June 6th, 2010 | no comments

Yes!  If you are a doughnut-lover like me but refrain from eating the greasy cake because, well…they’re greasy and unhealthy, you can start singing a happy tune!  The Super Donut is here!  I LOVE this product.  It’s not a health food, but a wonderful substitution for a doughnut without the guilt!  I know what you’re thinking:  “Yeah, but does it taste like a doughnut or a piece of angel food cake?”  It tastes like a REAL doughnut!
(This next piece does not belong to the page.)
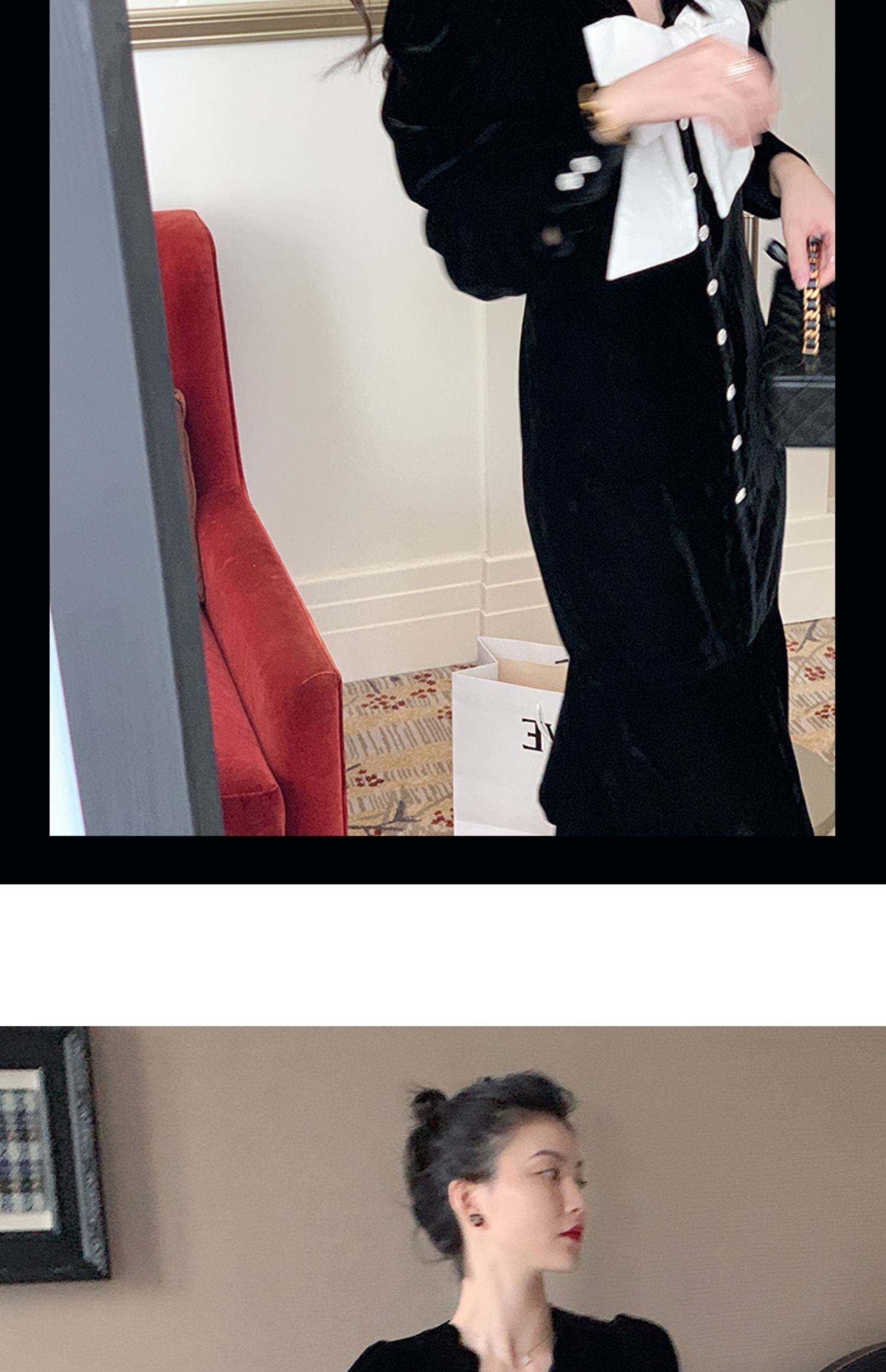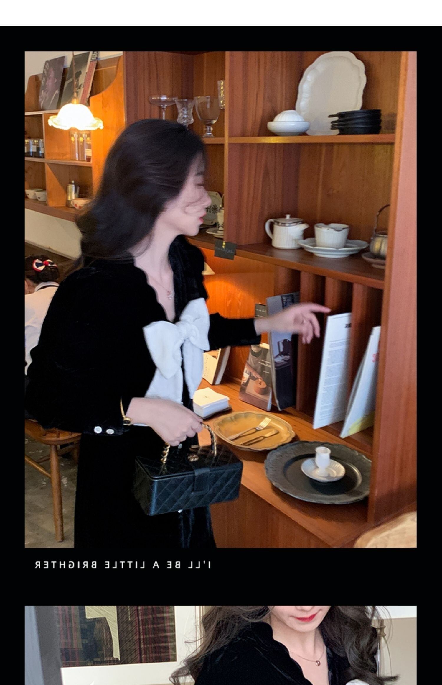 2021年秋新しいヘップバーンスタイルのリトルブラックドレスハイエンドライトラグジュアリーデザインボウベルベットドレス女性 リボン オータム 秋物 yingd64485316366

The Super Donut is a good source of B-vitamins (thiamine, riboflavin, niacin, vitamin B6, folic acid, vitamin B12) which are very important for energy and proper brain function.

Nutrition facts for a Dunkin’ Donut’s Old Fashioned Cake Donut:

Calories:  280; Fat:  18 grams (8 grams of saturated fat); Cholesterol:  25 mg; Sodium:  310 mg;  Carbohydrates:  27 grams; Fiber:  1 gram; Sugars:  9 grams; Protein:  3 grams

Nutrition facts for a Super Donut:

Calories:  180; Fat:  5 grams (1.5 grams of saturated fat); Cholesterol:  <5 mg; Sodium:  260 mg; Carbohydrates:  29 grams; Fiber:  1 gram; Protein:  5 grams; Vitamin A:  25%; Vitamin C:  35%; Calcium:  10%; Iron:  20%; Vitamin E:  40%’; Thiamine:  30%; Riboflavin:  40%;  Niacin:  30%; Vitamin B6:  25%; Folic Acid:  30%; Vitamin B12:  15%; Phosphorous:  15%; Magnesium:  8%; Vitamin D:  40%

You can find Super Donut in the freezer section of your local grocery store near the breakfast foods.  If they don’t carry it, ask the manager to order it for you!

A portion of the proceeds from the sale of each box goes to the “Max Starks Fund”, a foundation dedicated to child literacy and education.